To get the bosal to fit a horse’s face, when it is newly made, you shape it.
There are good photos of wood bosal shapers. Kip Fladland makes one, it is the most recommended one I have found from the sources I trust.
These sources also tell me a large can (soup, pumpkin, salsa…) works just as well.
I took a few photos:
Bosal on can, top view:
http://s262.photobucket.com/user/Buxombeefcowdairy/media/Buck%20clinic/PIC_0005.jpg.html?sort=3&o=2
You can see from the photo, that not only have the shanks been ‘expanded’ at the bottom in order to not pinch/scrape the jaw, but also that the nose has been pulled in.
After the bosal is shaped, it will keep this form:
http://s262.photobucket.com/user/Buxombeefcowdairy/media/Buck%20clinic/PIC_0007.jpg.html?sort=3&o=0
I ‘store’ my bosals on their pumpkin can…except sometimes for a few days around Thanksgiving!
AFTER you get the bosal in a good shape, the best thing to do with it is ride in it.
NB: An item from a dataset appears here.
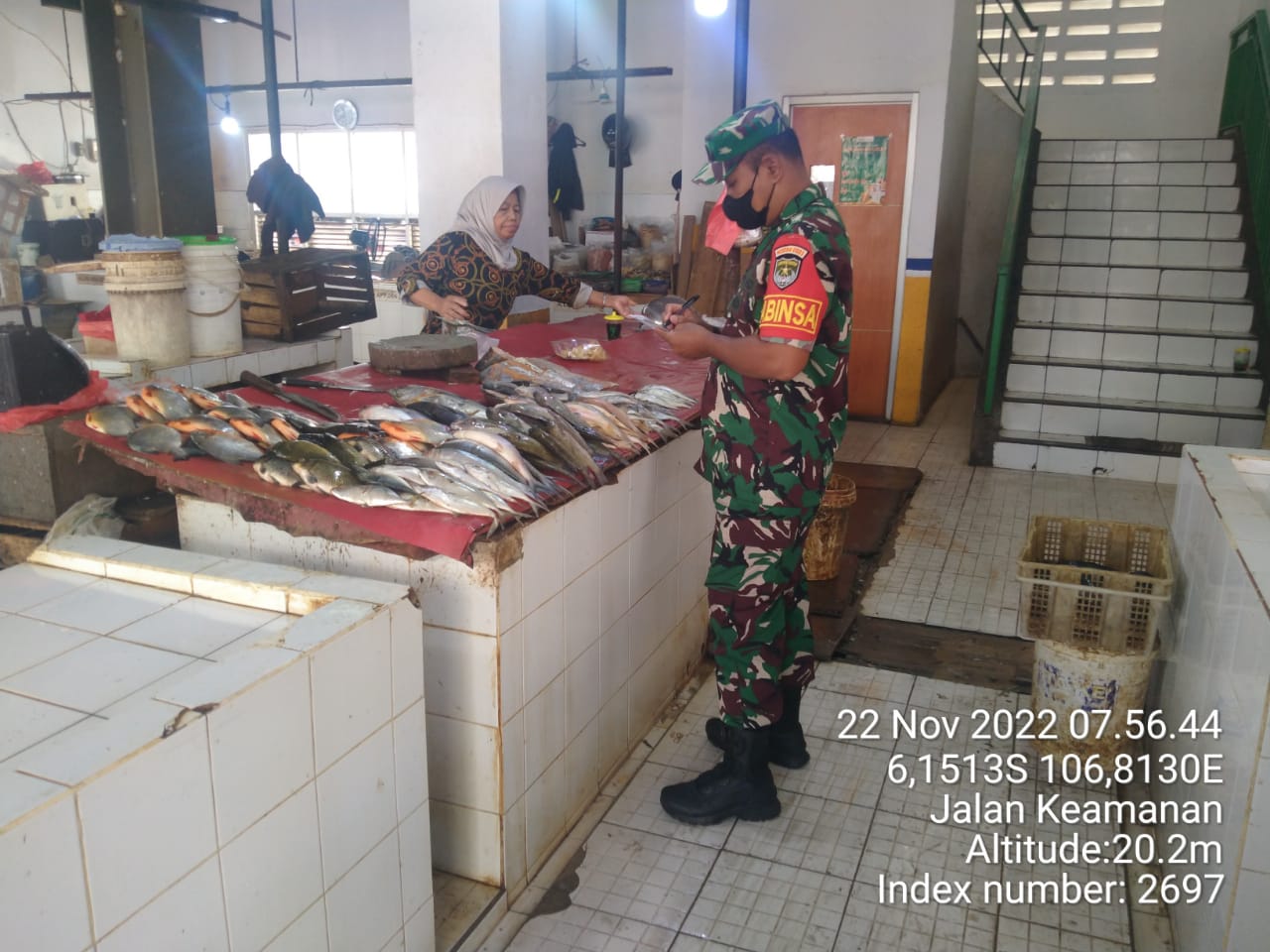 KEIZALINNEWS Kodam Jaya, Kodim 0503/JB – Koramil 01/Tamansari Kodim 0503/JB rutin setiap harinya menurunkan personilnya untuk mengadakan pemantuan perkembangan harga sembako di pasar-pasar yang ada di wilayah Tamansari.

I have heard that the more they are used, the better they get.
A word of warning, though:
The bosal will ‘tell’ you what holes you have, what you don’t do very well, in the snaffle. There is no problem using the bosal some, especially to find the things you and your horse aren’t really doing well, yet.
If you go to a Buck clinic, and you are not in Buck’s opinion ready to be using a bosal…
…and you are lucky, Buck will tell you that, reasonably privately/one-on-one, during maybe the second or third day. That you need to (say, have your horse carrying a soft feel through the haunches in, or that your horse should be doing simple lead changes, carrying a soft feel, or maybe more generically that you need to get some things working in the snaffle) before you go to the bosal and possibly ruin or backtrack significantly your progress toward making a bridle horse.
…and if you are not lucky, Buck might tell you (on the last day of the clinic) VERY loudly over the loudspeaker that "SALLY, YOU HAVE NO BUSINESS IN THE BOSAL. Your horse is doing x, y, z and etc and you need to go back and get these VERY BASIC things going…
I’ve heard both.
My goal, which I am hoping will happen this summer, but due to some health issues might happen in another year, is to go to my Buck clinic and have him tell me it’s time (or close to time) to hang a bridle bit on my horse.